Gravity’s platform is live now on partner sites including the Wall Street Journal and TechCrunch, and Benedetto says 15 other partners will be going live with it over the coming months. Major news publishers and content providers clearly can benefit from providing their audience content that is more personalized to their interests, but so too can daily deal e-commerce sites. “These have very similar features and attributes as news articles,” he says. “Short half-lives, to be targeted and personalized right away. By the time there are ten thousand clicks on a daily deal to build a collaborative filtering matrix, the deal might have been sold out.”
In our last article, Benedetto talked to The Semantic Web Blog about what sets its technology apart when it comes to personalization. For instance, Gravity isn’t based on explicitly asking users about their interests, but uses implicit NLP (natural language processing) and machine learning to look at people’s actions and behaviors and determine what really draws them or is primed to catch their eye. Inferencing is an important part of that picture. In the year since, Benedetto says the team has been working on relevancy as key to a successful Interest Graph, which can build on all the work that has gone into ensuring the factual accuracy of public ontologies such as DBpedia and Freebase. A core focus has been “being able to build both machine-learning processes that derive relevancy and can infer relevancy from behavioral actions and publicly available data across the web in standard ontology forms in our own web crawl, and building algorithms to leverage that derived data,” he says.
As an example, he points to Kobe Bryant – there are a hundred or more facts about him that exist in ontologies: who he’s played for, what years, his Olympics experience or Gatorade sponsorship. “All those facts are accurate,” Benedetto says, “but what is relevant to a human? If I gave you a list where someone said they liked Kobe Bryant, what would that person be interested in? A human being could say he’s not interested in his work for Gatorade or performance in the Olympics, even though both are true.” What’s more relevant is getting computers to infer from the fact that someone likes Kobe Bryant that that person also likely is interested in basketball, just as another human could draw that conclusion. And, he says, Gravity’s work tuning for relevancy has resulted in dramatic improvements in areas such as session length, click through rates, and return visits across its partner sites, that are “an order of magnitude higher than in previous technologies.”

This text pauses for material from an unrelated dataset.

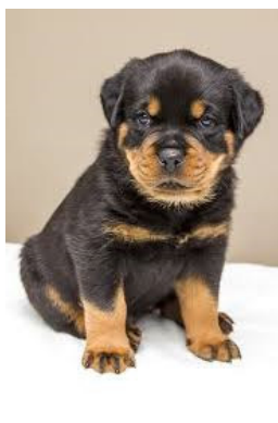
Imagen Nº 3. Perro. Fuente: Pixabay . Licencia: Creative Commons

Moving forward, the challenge “is paramount to accomplishing the goal of personalizing the Internet across all domains and letting each machine learn and understand interests and intent based on relevancy in a non-specific fashion.” And, Gravity also is accounting for content virality and importance in the Facebook and Twitter realm in ensuring that people don’t miss something important just because it isn’t correlated with their Interest Graph. “We use that data set to help build serendipity in our equations, to stop the filter bubble effect,” he says. So, even if someone’s Interest Graph profile doesn’t itself indicate a particular affinity for news about weather events, when a tsunami occurs and the traction it gets in the social realm indicates it to be an important happening, that information can become part of personalized results.
Gravity’s goal of being the plumbing of the Interest Graph – the infrastructure behind it – isn’t at odds with its becoming as known to consumers as Facebook or Twitter is, Benedetto says. “We hope the end user will know us. We want to be prominent on every site that we help to personalize. We want the user to know Gravity makes the individual web experience better,” he says. “We don’t necessarily believe that a consumer site is necessary for us to be well known by users. Anywhere they go they can interact with Gravity across any site on the web, and it becomes better and more personalized to them.”